- _WHAT THIS TASK INVOLVES_
Give back exactly the stretch of data below from the line holding "5043 'Earl of" through the line holding "Lohn - Scheck", both ends included, and leave the remaining lines out.

** Opening ENTRIES SUPPLIED block **

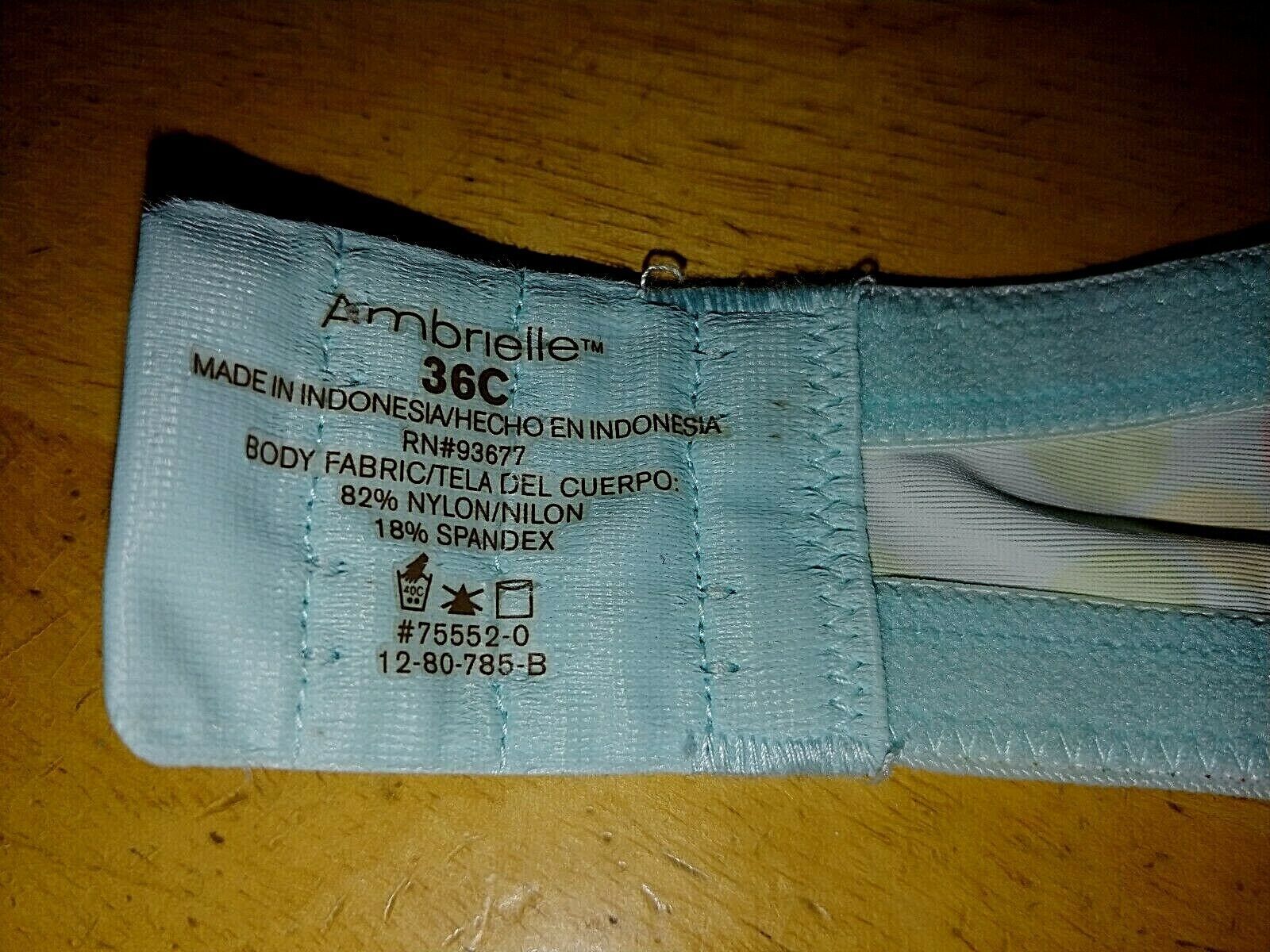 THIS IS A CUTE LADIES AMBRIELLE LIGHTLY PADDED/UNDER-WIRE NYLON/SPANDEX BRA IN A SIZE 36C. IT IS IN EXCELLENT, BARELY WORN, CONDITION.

** Closing ENTRIES SUPPLIED block **
** Opening ENTRIES SUPPLIED block **

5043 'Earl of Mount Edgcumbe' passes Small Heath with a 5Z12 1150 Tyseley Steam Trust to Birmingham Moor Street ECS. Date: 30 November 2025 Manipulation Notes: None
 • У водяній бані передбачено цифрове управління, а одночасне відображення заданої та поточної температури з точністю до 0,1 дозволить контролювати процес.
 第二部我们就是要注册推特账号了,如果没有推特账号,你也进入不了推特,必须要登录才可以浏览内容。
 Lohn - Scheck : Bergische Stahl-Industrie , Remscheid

** Closing ENTRIES SUPPLIED block **

- _EXPECTED OUTPUT_
5043 'Earl of Mount Edgcumbe' passes Small Heath with a 5Z12 1150 Tyseley Steam Trust to Birmingham Moor Street ECS. Date: 30 November 2025 Manipulation Notes: None
 • У водяній бані передбачено цифрове управління, а одночасне відображення заданої та поточної температури з точністю до 0,1 дозволить контролювати процес.
 第二部我们就是要注册推特账号了,如果没有推特账号,你也进入不了推特,必须要登录才可以浏览内容。
 Lohn - Scheck : Bergische Stahl-Industrie , Remscheid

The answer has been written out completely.